RECORDS TO USE:
•••

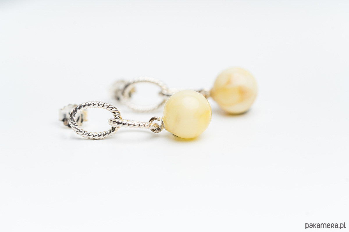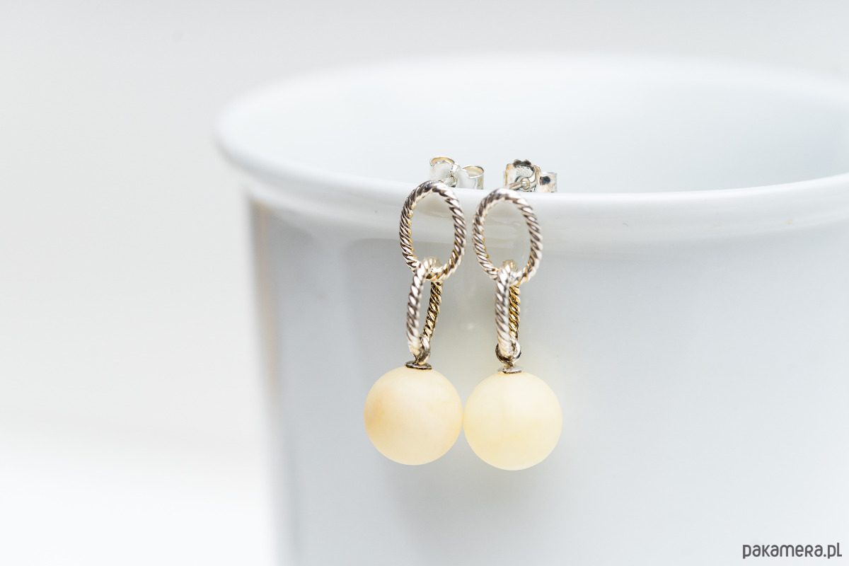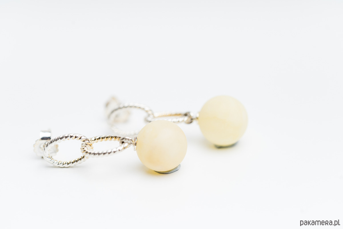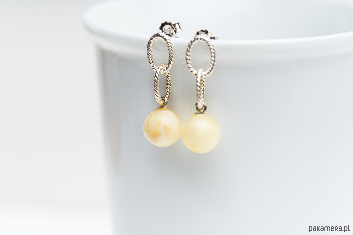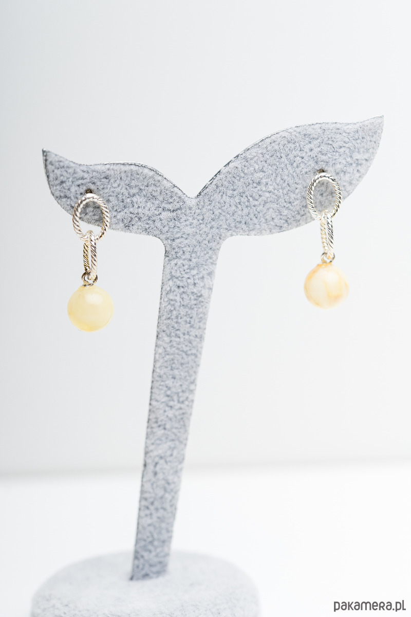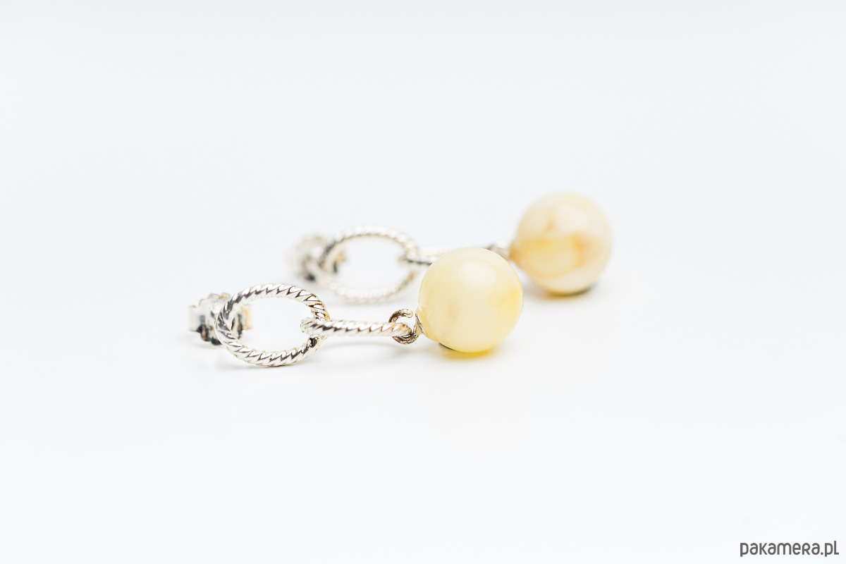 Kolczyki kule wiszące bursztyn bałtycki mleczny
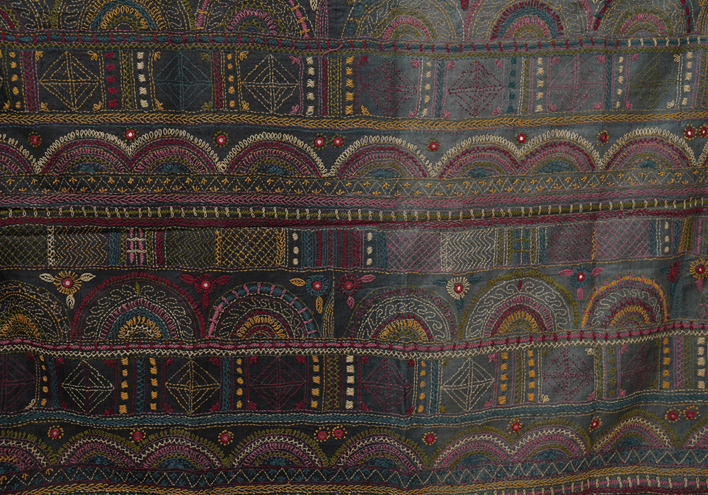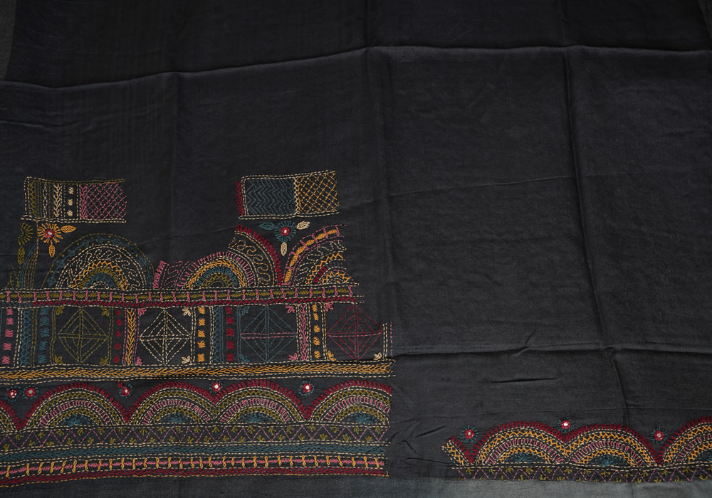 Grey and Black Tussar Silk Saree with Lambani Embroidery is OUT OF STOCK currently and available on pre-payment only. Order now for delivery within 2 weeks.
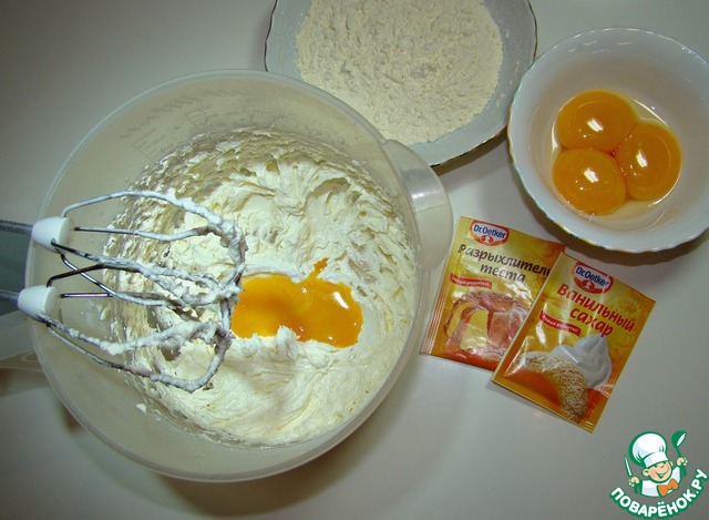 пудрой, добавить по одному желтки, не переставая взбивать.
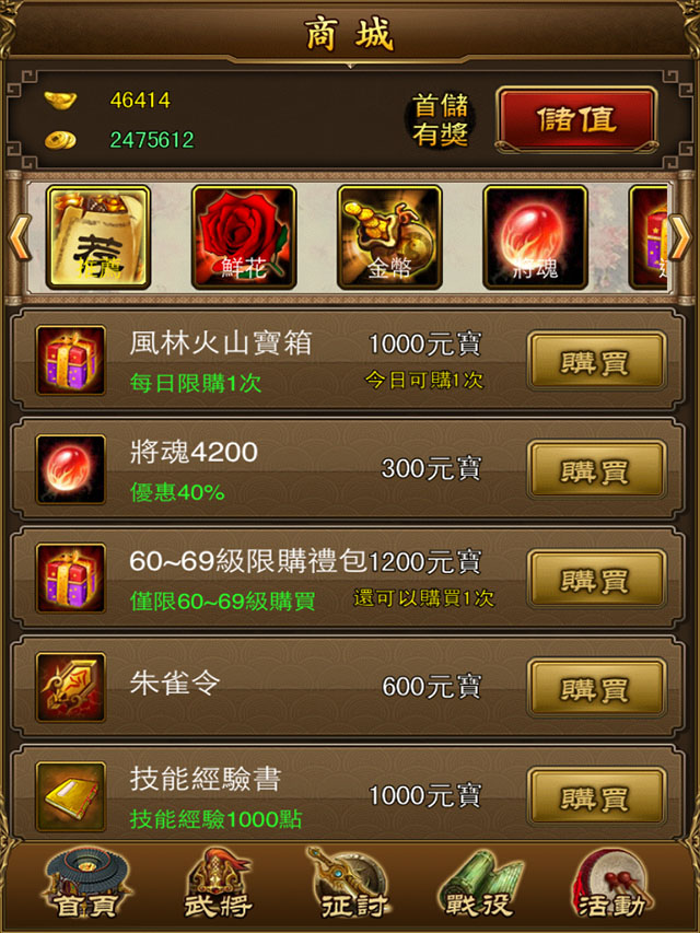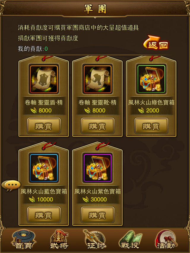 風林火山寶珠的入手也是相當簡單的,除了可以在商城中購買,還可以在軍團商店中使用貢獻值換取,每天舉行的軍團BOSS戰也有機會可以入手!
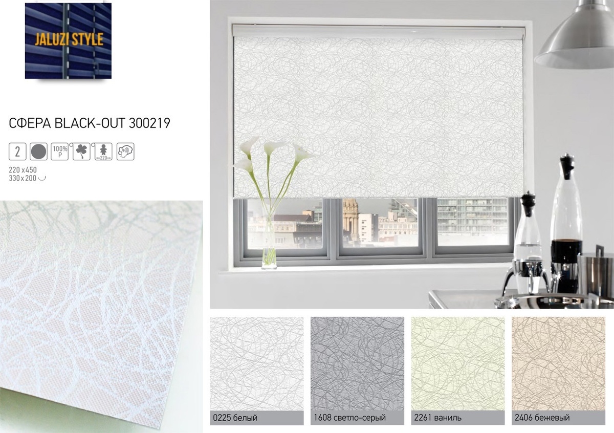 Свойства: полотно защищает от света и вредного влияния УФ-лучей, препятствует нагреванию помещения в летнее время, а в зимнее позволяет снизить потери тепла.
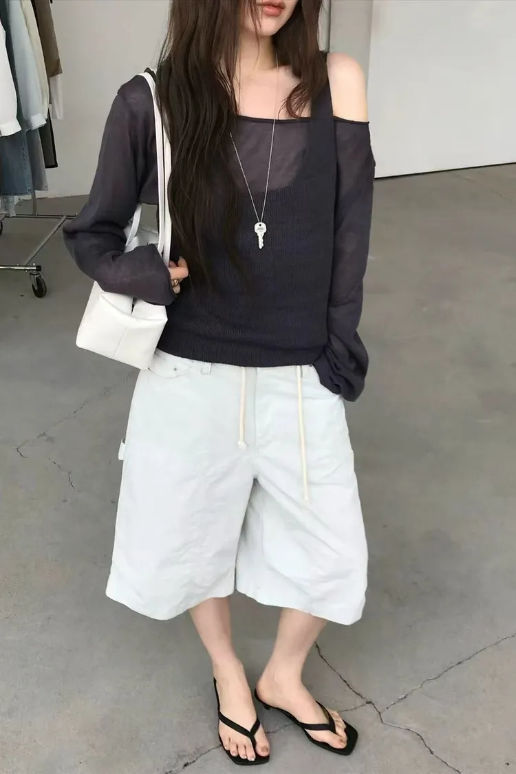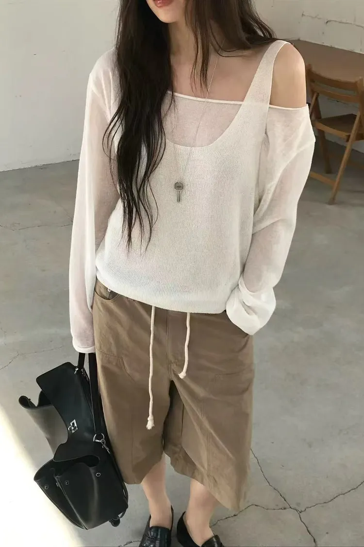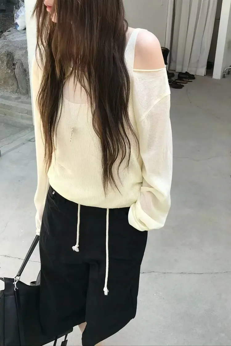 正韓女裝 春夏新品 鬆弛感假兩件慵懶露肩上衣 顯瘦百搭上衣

•••

WORK INSTRUCTION: Quote every line of the records above exactly; no picture is to be copied.

RESPONSE BELOW:
 Kolczyki kule wiszące bursztyn bałtycki mleczny
 Grey and Black Tussar Silk Saree with Lambani Embroidery is OUT OF STOCK currently and available on pre-payment only. Order now for delivery within 2 weeks.
 пудрой, добавить по одному желтки, не переставая взбивать.
 風林火山寶珠的入手也是相當簡單的,除了可以在商城中購買,還可以在軍團商店中使用貢獻值換取,每天舉行的軍團BOSS戰也有機會可以入手!
 Свойства: полотно защищает от света и вредного влияния УФ-лучей, препятствует нагреванию помещения в летнее время, а в зимнее позволяет снизить потери тепла.
 正韓女裝 春夏新品 鬆弛感假兩件慵懶露肩上衣 顯瘦百搭上衣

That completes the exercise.